RECORDS SHOWN:
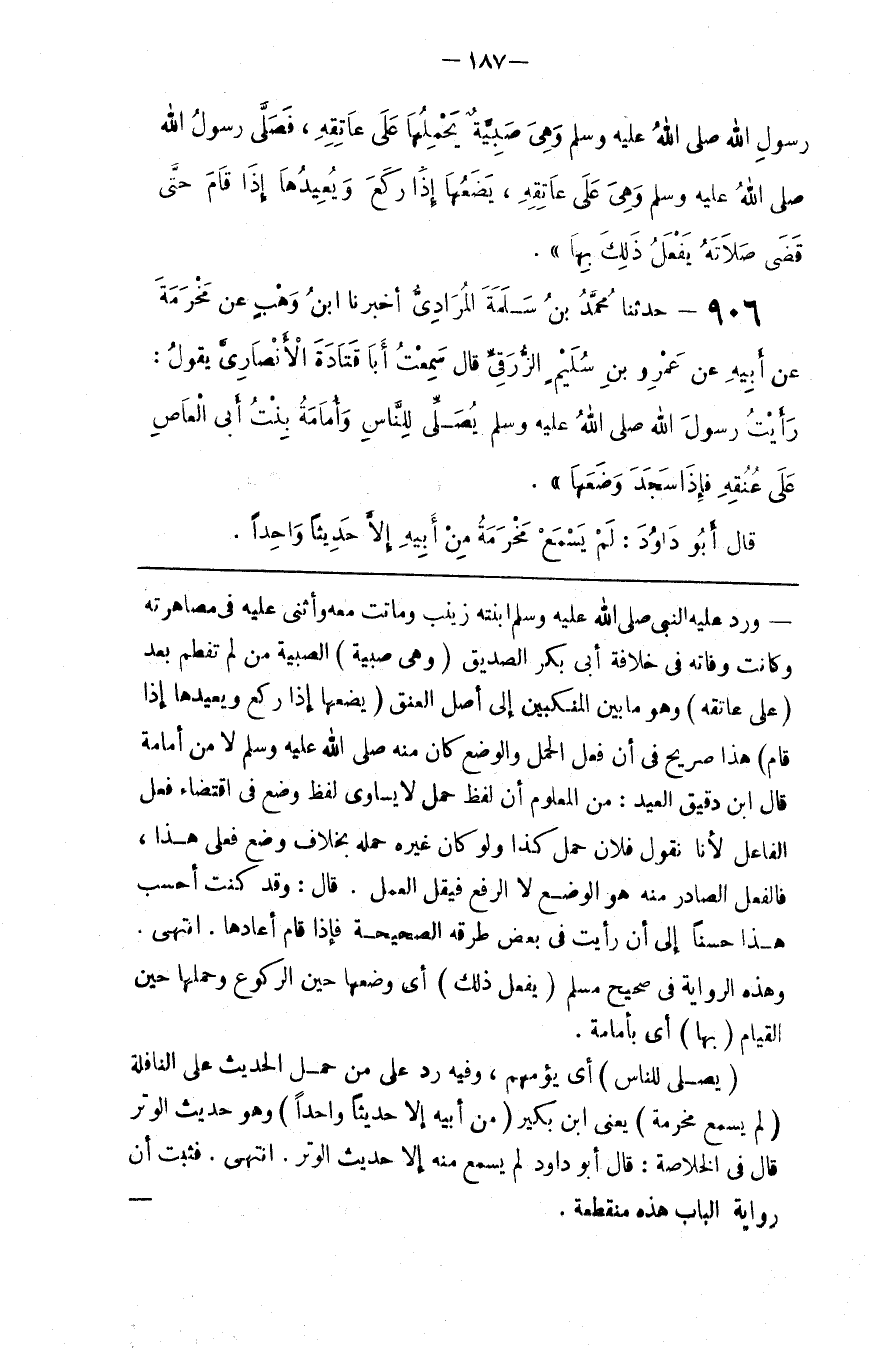 : هَذَا صَرِيح فِي أَنَّ فِعْل الْحَمْل وَالْوَضْع كَانَ مِنْهُ صَلَّى اللَّه عَلَيْهِ وَسَلَّمَ لَا مِنْ أُمَامَةَ قَالَ اِبْن دَقِيق الْعِيد : مِنْ الْمَعْلُوم أَنَّ لَفْظ حَمَلَ لَا يُسَاوِي لَفْظ وَضَعَ فِي اِقْتِضَاء فِعْل الْفَاعِل لِأَنَّا نَقُول فُلَان حَمَلَ كَذَا وَلَوْ كَانَ غَيْره حَمَلَهُ بِخِلَافِ وَضَعَ فَعَلَى هَذَا ، فَالْفِعْل الصَّادِر مِنْهُ هُوَ الْوَضْع لَا الرَّفْع فَيَقِلّ الْعَمَل . قَالَ : وَقَدْ كُنْت أَحْسَب هَذَا حَسَنًا إِلَى أَنْ رَأَيْت فِي بَعْض طُرُقه الصَّحِيحَة فَإِذَا قَامَ أَعَادَهَا . اِنْتَهَى . وَهَذِهِ الرِّوَايَة فِي صَحِيح مُسْلِم
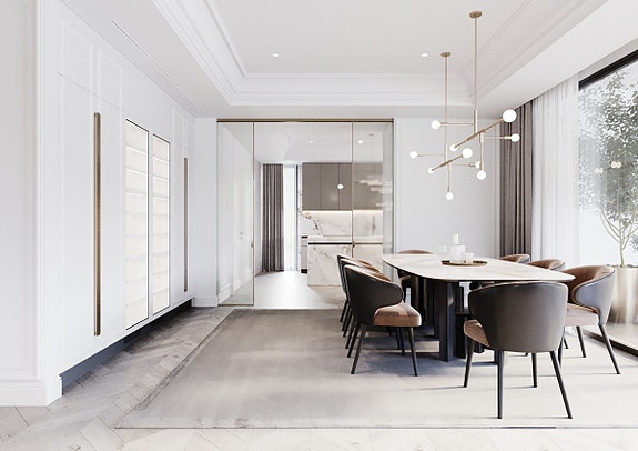 - Luksuriøse detaljer som høyt tak, peis, og store vinduer
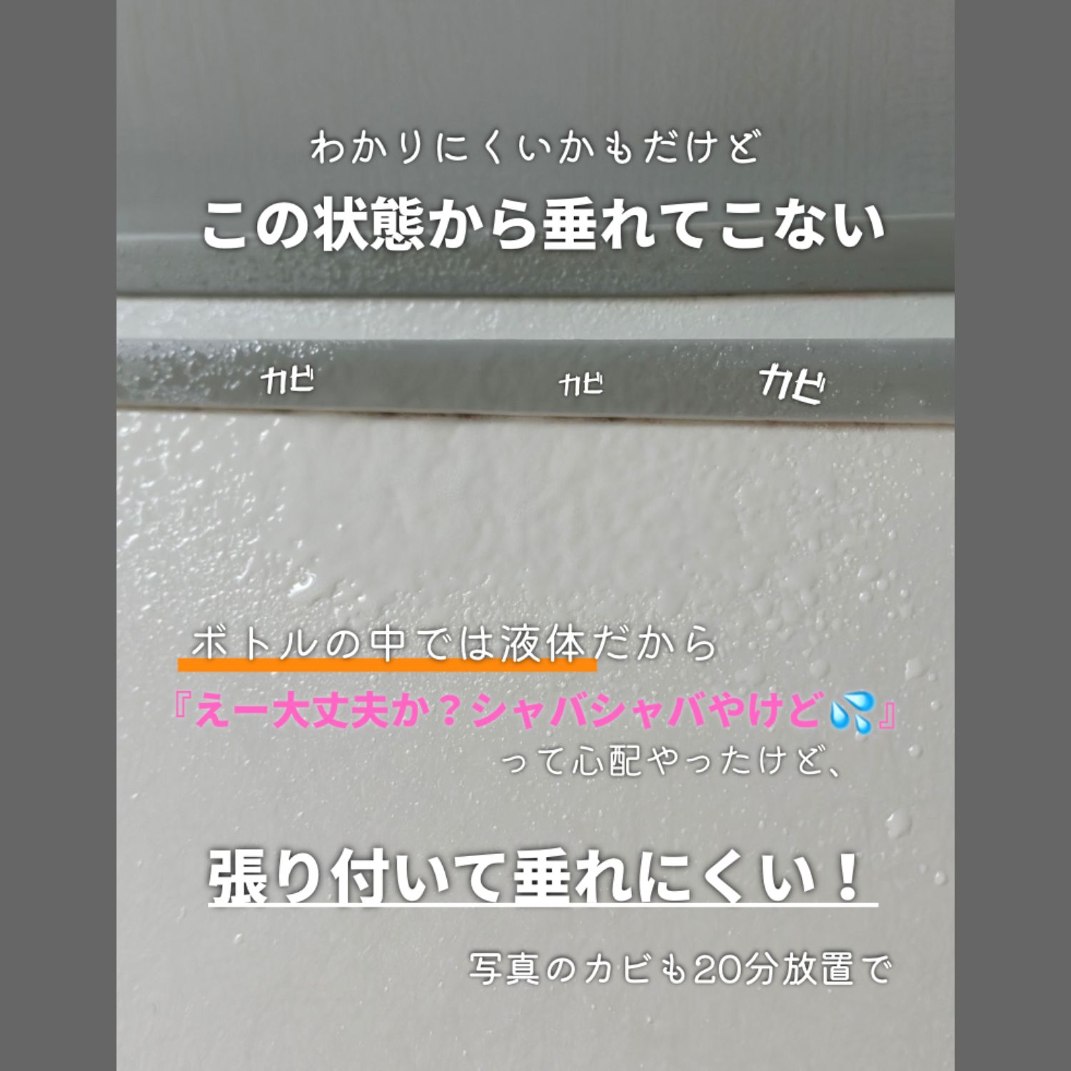 もともと接着剤などを作っていた、液体を増粘させる技術に長けた企業の技術者が、 自前の技術を応用し、家庭でもしっかり汚れを落とせるカビ取り剤を目指して開発した一品です。
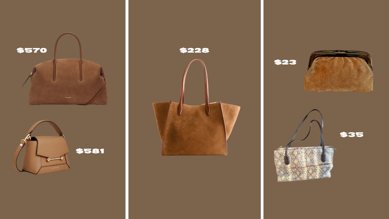 Splurge: Suede crossbody, Convertible leather / Save: Ideal Madewell tote / Secondhand: Suede clutch, Snakeskin shoulder bag
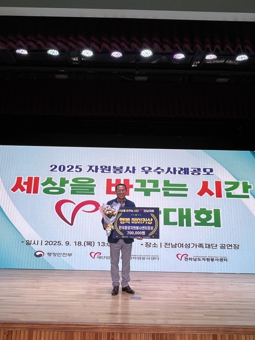 전남 무안군(군수 김산)은 지난 18일 전남여성가족재단에서 개최된 '2025 세상을 바꾸는 시간V 전남대회'에서 우수상인 한국중앙자원봉사센터장상을 수상했다.
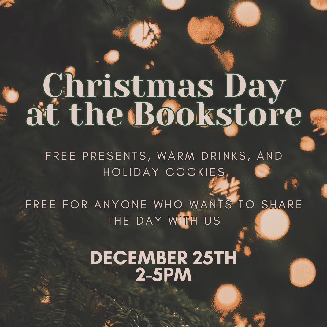 Old Capitol Books invites you to spend Christmas afternoon with us, 2pm-5pm. We'll have free gifts, warm drinks, and cookies. This is free and open to all - we want everyone to have a cozy and welcoming place to come and celebrate the holiday.
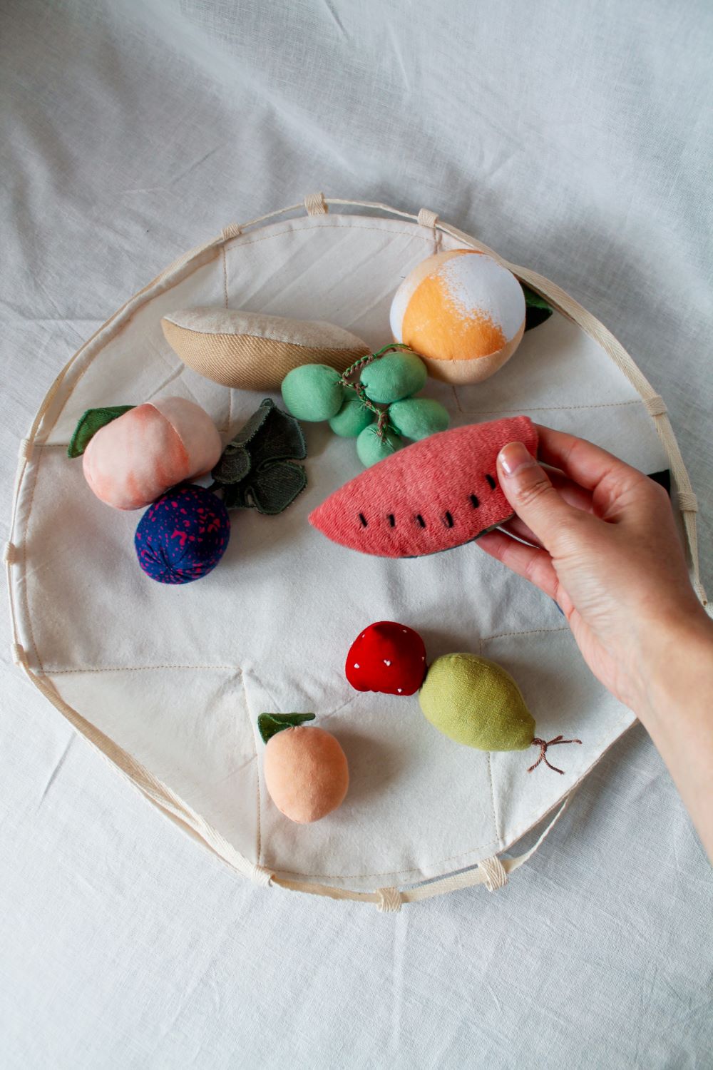 Yaz Meyve Seti, çocukların hayal gücünü besleyen, duyusal gelişimlerini destekleyen eşsiz bir oyuncak setidir. Atık kumaşların ileri dönüşümüyle elde edilen bu özel set, miniklerin dünyasına renk ve eğlence katar. Bu oyuncak setiyle mevsimsel beslenmeye de odaklanabilir ve gezegenimizin mevsim döngüsü hakkında da oyunlar oynayabilirsiniz.
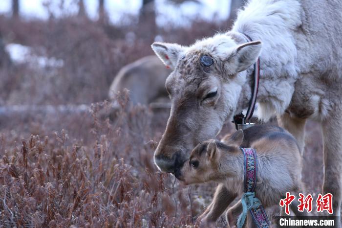 4月中旬至5月下旬是馴鹿集中產(chǎn)仔季,馴鹿媽媽與鹿寶寶親密互動(dòng)。(根河市融媒體中心供圖)
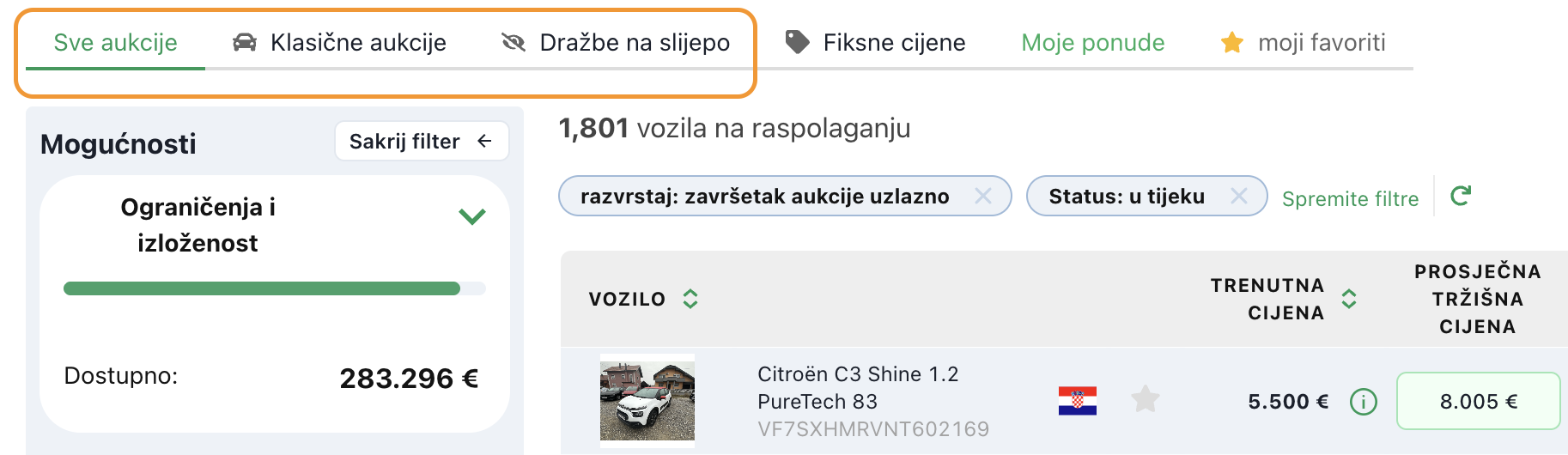 Za brži pregled vrsta aukcija koje vas zanimaju, možete koristiti filtre u gornjem lijevom kutu zaslona. Tamo možete odabrati želite li pratiti samo klasiščne aukcije, slijepe ponude ili vozila s fiksnom cijenom - ovisno o vašoj strategiji kupnje.
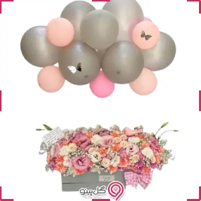 *در صورت امکان میتوان رنگ باکس، بادکنک و برخی از گلها را تغییر داد، که برای ایجاد تغییرات با تیم پشتیبانی در تماس باشید.
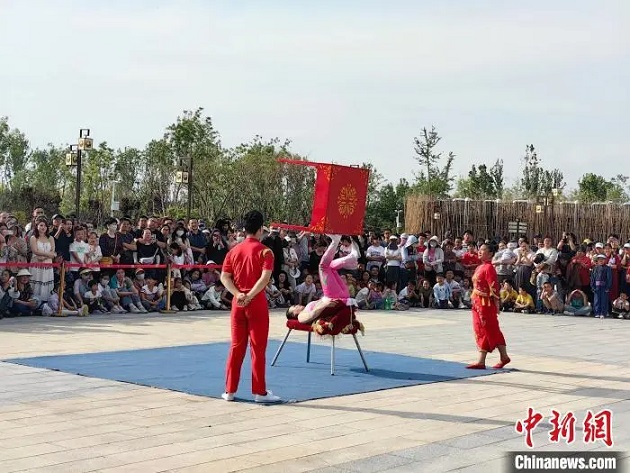 5月1日,滄州園博園內的雜技表演受到游客歡迎。朱迎慶 攝

AIM OF THE EXERCISE:
Word for word, restate the lines from the one containing "Yaz Meyve Seti, çocukların" through the end of the listing, and nothing more. Skip the pictures.

WRITTEN SOLUTION:
 Yaz Meyve Seti, çocukların hayal gücünü besleyen, duyusal gelişimlerini destekleyen eşsiz bir oyuncak setidir. Atık kumaşların ileri dönüşümüyle elde edilen bu özel set, miniklerin dünyasına renk ve eğlence katar. Bu oyuncak setiyle mevsimsel beslenmeye de odaklanabilir ve gezegenimizin mevsim döngüsü hakkında da oyunlar oynayabilirsiniz.
 4月中旬至5月下旬是馴鹿集中產(chǎn)仔季,馴鹿媽媽與鹿寶寶親密互動(dòng)。(根河市融媒體中心供圖)
 Za brži pregled vrsta aukcija koje vas zanimaju, možete koristiti filtre u gornjem lijevom kutu zaslona. Tamo možete odabrati želite li pratiti samo klasiščne aukcije, slijepe ponude ili vozila s fiksnom cijenom - ovisno o vašoj strategiji kupnje.
 *در صورت امکان میتوان رنگ باکس، بادکنک و برخی از گلها را تغییر داد، که برای ایجاد تغییرات با تیم پشتیبانی در تماس باشید.
 5月1日,滄州園博園內的雜技表演受到游客歡迎。朱迎慶 攝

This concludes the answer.